* Your assignment *
Retype the listing below line for line, but only from the line with "From the moment" down to the line with "더블 포켓 대용량 2025", inclusive. Pictures stay out.

* Data segment *

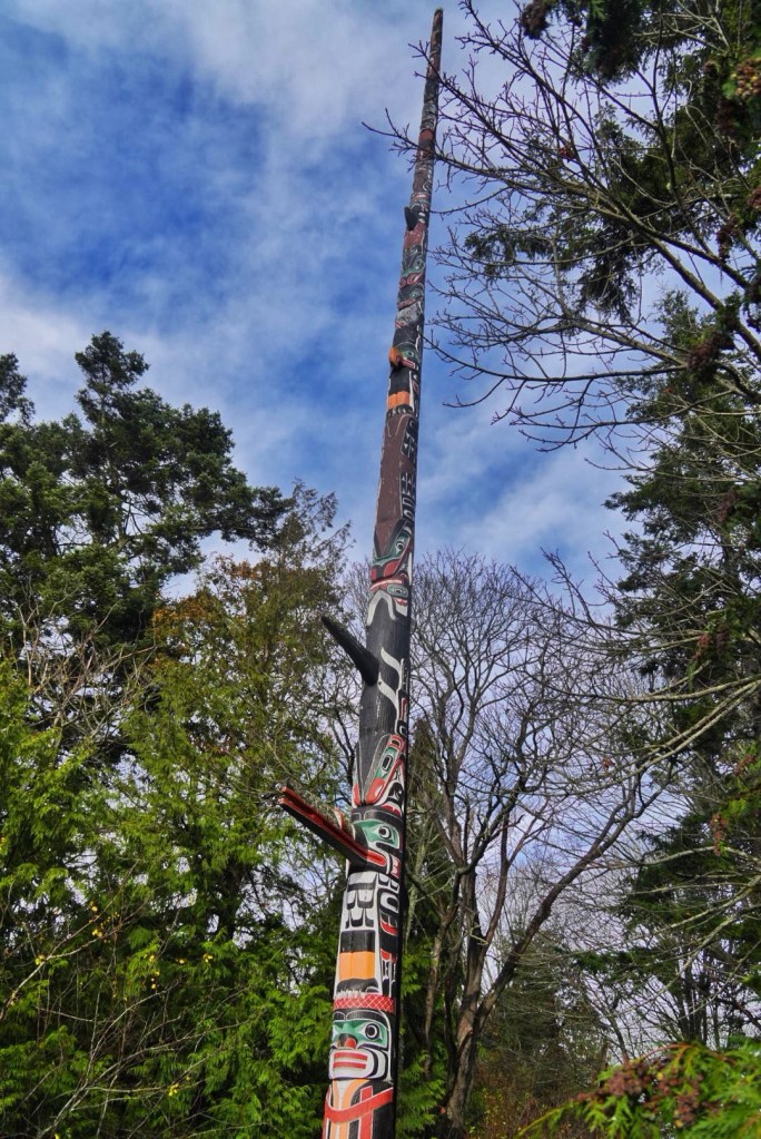 We drove back to downtown Victoria and the Abigail’s while the worst of the rain presented itself. The wipers were doing double duty. After regrouping at the inn, the rain seemed to have subsided (at least temporarily). We used this opportunity to head back out for a bit to nearby Beacon Hill Park. It contains one of the world’s tallest totem poles. There was a plaque labeling it as the tallest, but it is 5th tallest at best being outdone by others in British Columbia and even one in California. Nevertheless, at over 127 feet tall, it is by no means short.
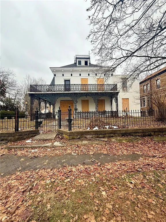 From the moment one approaches the home, its historic presence is unmistakable. A brick driveway leads to the property, framed by a black iron fenced front yard with gated entry. Ornate wrought-iron porch railings add decorative elegance, complementing the home’s solid brick façade.
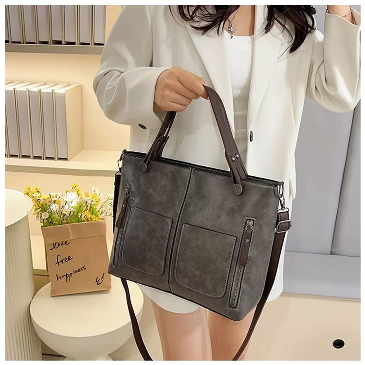 더블 포켓 대용량 2025 인기있는 새로운 유럽과 미국의 패션 숄더백 복고풍 여성 토트 백 간단한 크로스 바디 백
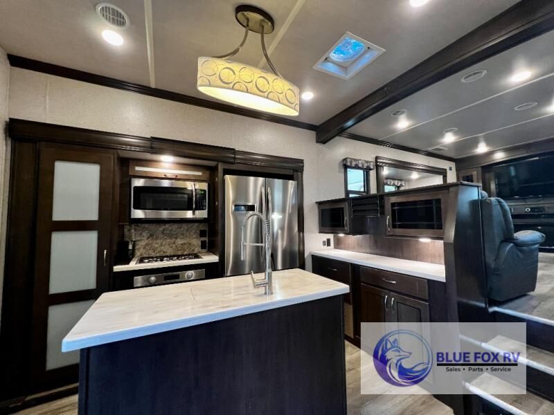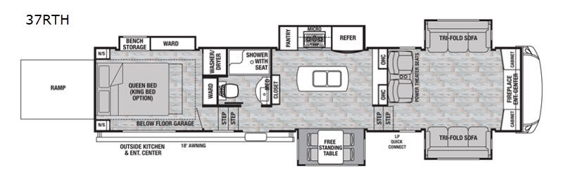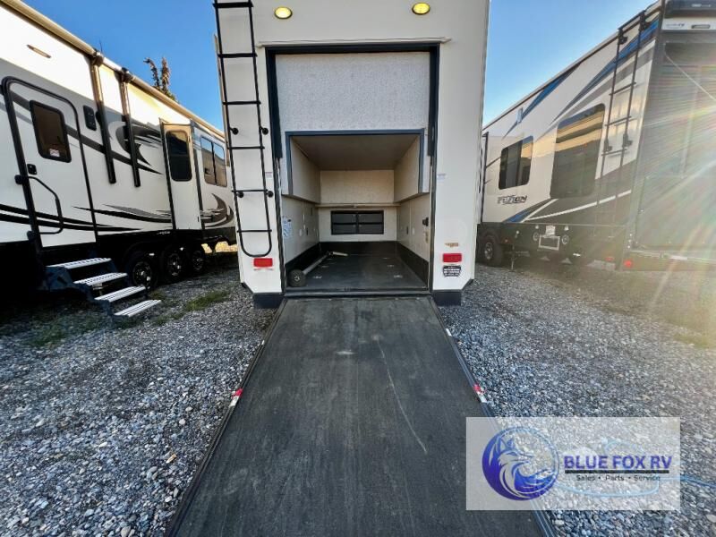 Are you ready for some time away from home where you can enjoy bringing an off-road toy to play outdoors with during the day, and then coming back to the comforts of your fifth wheel at night? Well then come check out this Cedar Creek Silverback 37RTH toy hauler fifth wheel by Forest River. You can store your dirt bikes in the garage, then lower the queen bed to get a good nigh'ts rest. You will enjoy fixing meals for your family in the large kitchen area plus there is an island with a double sink and a 18 cu. ft. stainless steel electric refrigerator for your perishables. In the evenings come relax in the comfortable front living area which features an electric fireplace and an entertainment center. One thing that this model is not lacking on is space, with five slide outs there is plenty of room for your family to camp comfortably!

* The answer *
 From the moment one approaches the home, its historic presence is unmistakable. A brick driveway leads to the property, framed by a black iron fenced front yard with gated entry. Ornate wrought-iron porch railings add decorative elegance, complementing the home’s solid brick façade.
 더블 포켓 대용량 2025 인기있는 새로운 유럽과 미국의 패션 숄더백 복고풍 여성 토트 백 간단한 크로스 바디 백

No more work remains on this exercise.